- Kilmoon Location in Ireland
- Coordinates: 53°2′44″N 9°16′7″W﻿ / ﻿53.04556°N 9.26861°W
- Country: Ireland
- Province: Munster
- County: County Clare
- Time zone: UTC+0 (WET)
- • Summer (DST): UTC-1 (IST (WEST))

= Kilmoon =

Civil parish in County Clare, Ireland

Kilmoon (Cill Mhúine) is a civil parish of County Clare, Ireland, 7 mi north of Ennistymon.

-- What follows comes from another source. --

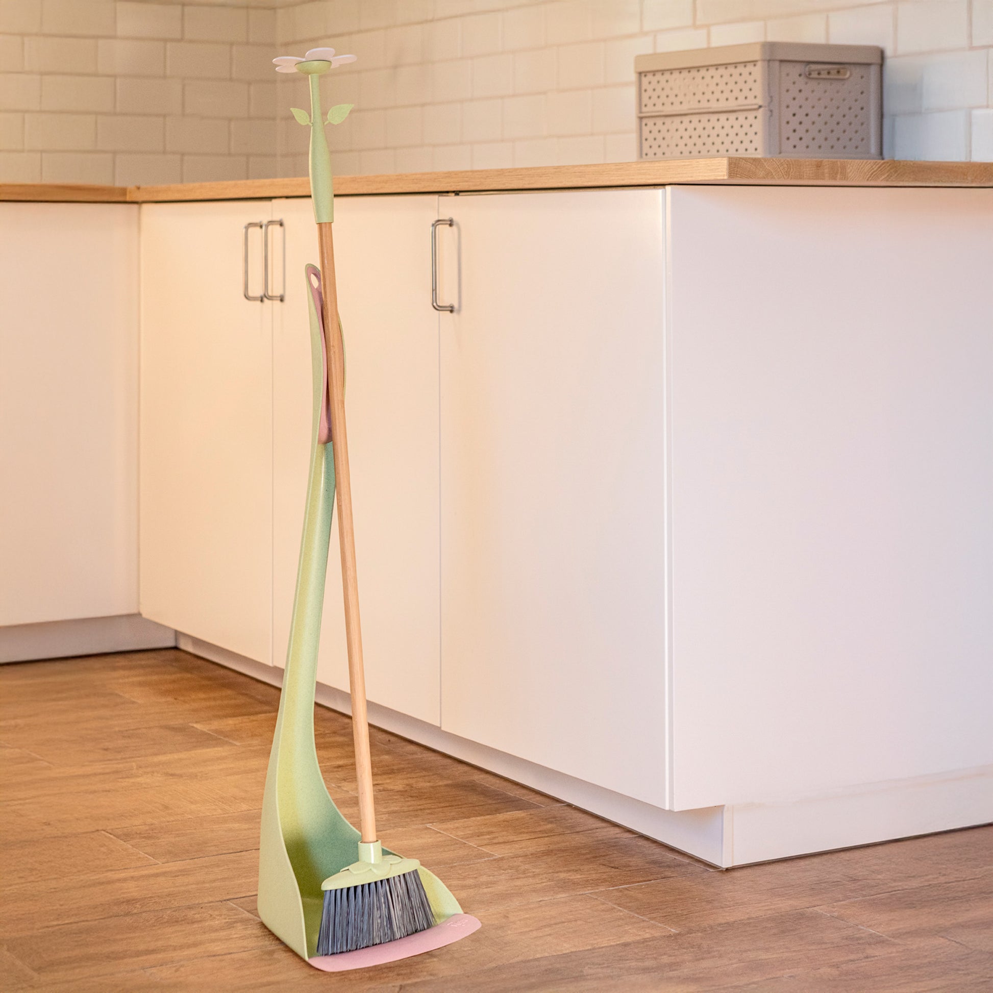 - Ramasse-poussière avec pince pour balais, facilitant son rangement et améliorant l'organisation.
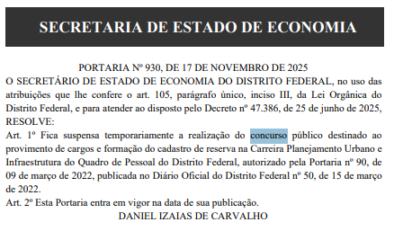 Foi publicada em Diário Oficial do Distrito Federal nesta terça-feira (18/11) a Portaria nº 930, que determina a suspensão temporária do concurso público para a Carreira de Planejamento Urbano e Infraestrutura do DF. A medida foi assinada pelo secretário de Estado de Economia, Daniel Isaías de Carvalho.

The parish contains the town of Lisdoonvarna.

==History==
The parish was listed as "Kilmugoun" in the Papal taxation of 1302. There is a Romanesque standing stone in the area on the site of a ruined church, St Mogua.

Kilmoon fell under the poor law union of Ennistymon in the barony of Burren, and ecclesiastically belonged to the Diocese of Kilfenora in the Province of Cashel as of 1810.

==Geography==
The civil parish of Kilmoon is in the northwestern part of the county and is bordered by Rathborney to the northeast, Killeany to the east, Kilfenora to the southeast, Killilagh to the southwest, and Killonaghan to the northwest. It is divided into 22 townlands, including Kilmoon East (319 acres), Kilmoon West (372 acres), Knockaskeheen (457 acres), and Caherbarnagh (183 acres).

==Antiquities==
The townland of Cahercloggaun contains a cashel (ringfort) and Cahercloggaun Castle. The latter is a ruined 15th-century castle originally owned by the O'Loghlens and built in the southern corner of the ringfort. The property is mentioned several times in 16th-century documents, when inhabitants of the castle were pardoned for committed crimes.